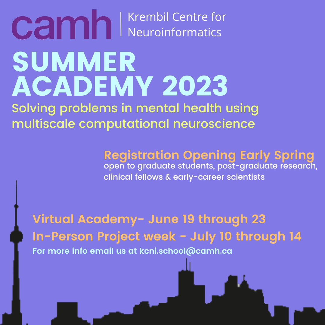 The Krembil Centre for Neuroinformatics is excited to offer a five-day intensive project-based learning week where trainees will learn hands-on techniques for integrating multi-scale neuroscience data. This course is designed to introduce participants to the concepts and methods behind psychiatric neuroinformatics - encompassing genetics, brain structure and function, and cognition. In addition, participants will uncover the links between modalities of human genomics, neuronal electrophysiology, structural and functional neuroimaging, and observed behaviour that KCNI scientists are integrating through a series of virtual modules and a group-based project using real-world data types to study mental illness.
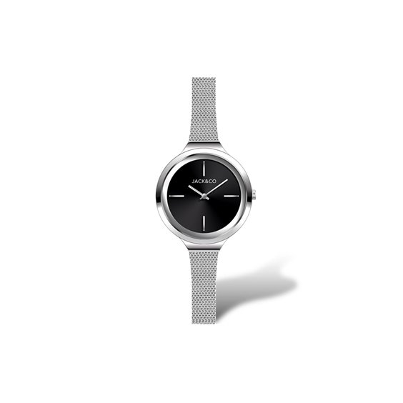 Cassa 32 mm in acciaio lucido / Quadrante nero / Bracciale mesh in acciaio lucido
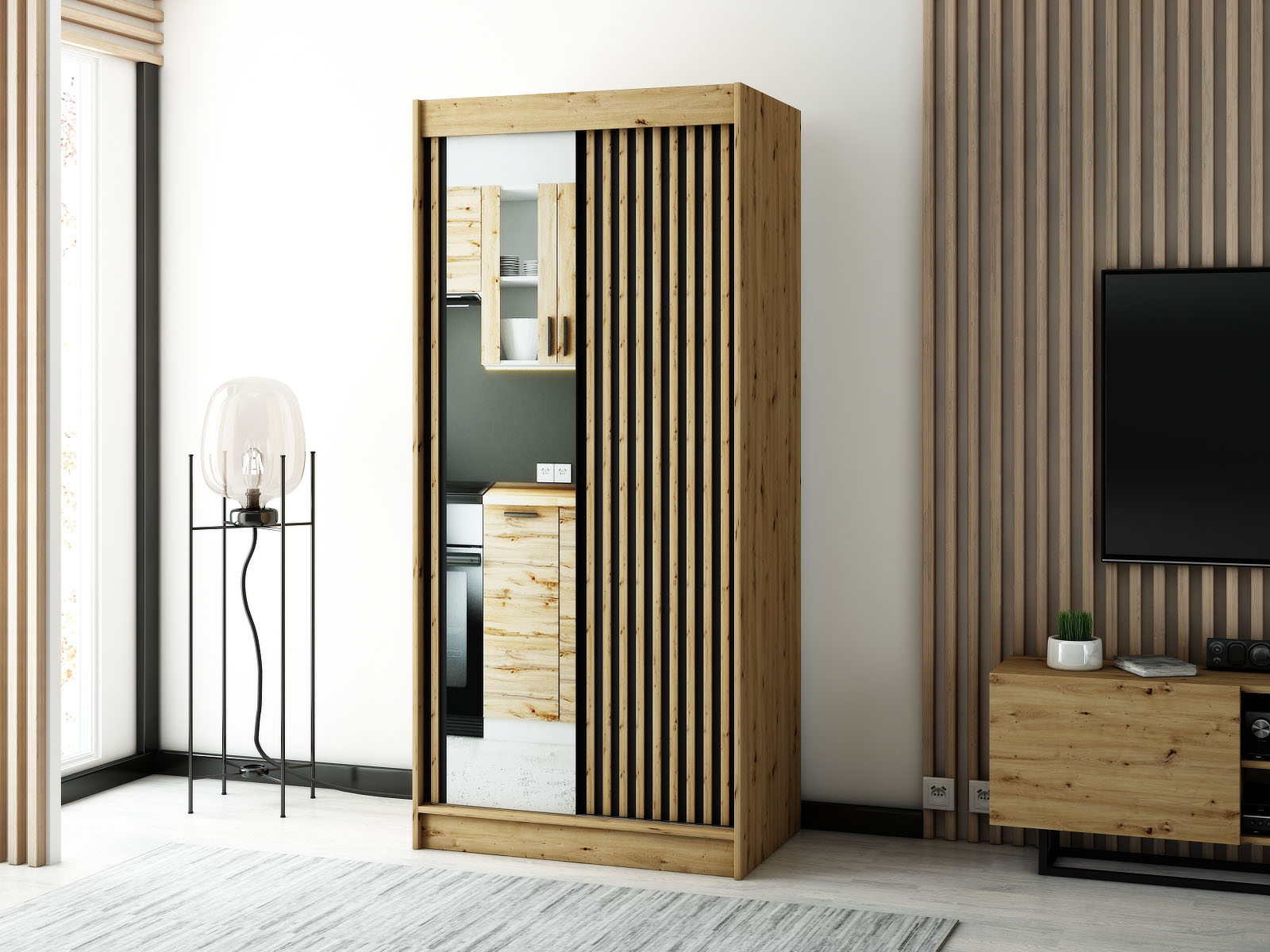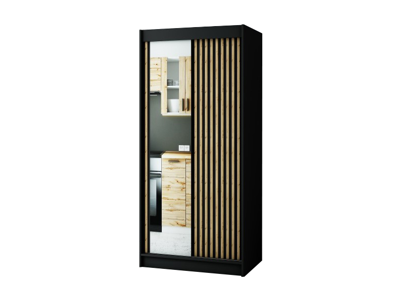 - Dulap de haine 100 cm Ladonna 2 (negru mat) (cu oglindă)
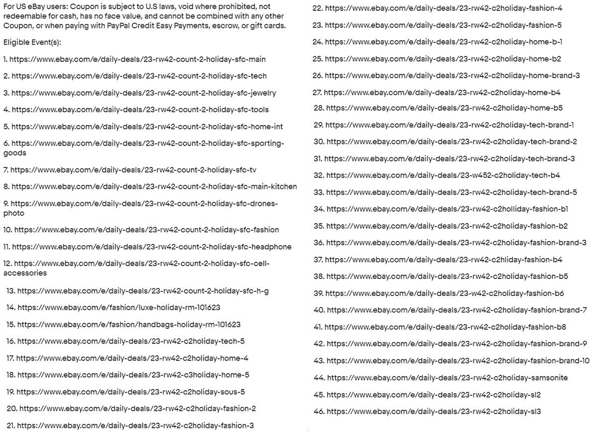 Another week, another 20% off promotion driving sales for the focus vertical strategy while aiding and abetting sketchy business practices and fake strikethrough pricing discounts - it's the eBay way!

-------

Exercise details - Beginning with the line where "- Dulap de haine" appears, reproduce every remaining line of the listing above, the last one included, but none of the pictures.

Result -
 - Dulap de haine 100 cm Ladonna 2 (negru mat) (cu oglindă)
 Another week, another 20% off promotion driving sales for the focus vertical strategy while aiding and abetting sketchy business practices and fake strikethrough pricing discounts - it's the eBay way!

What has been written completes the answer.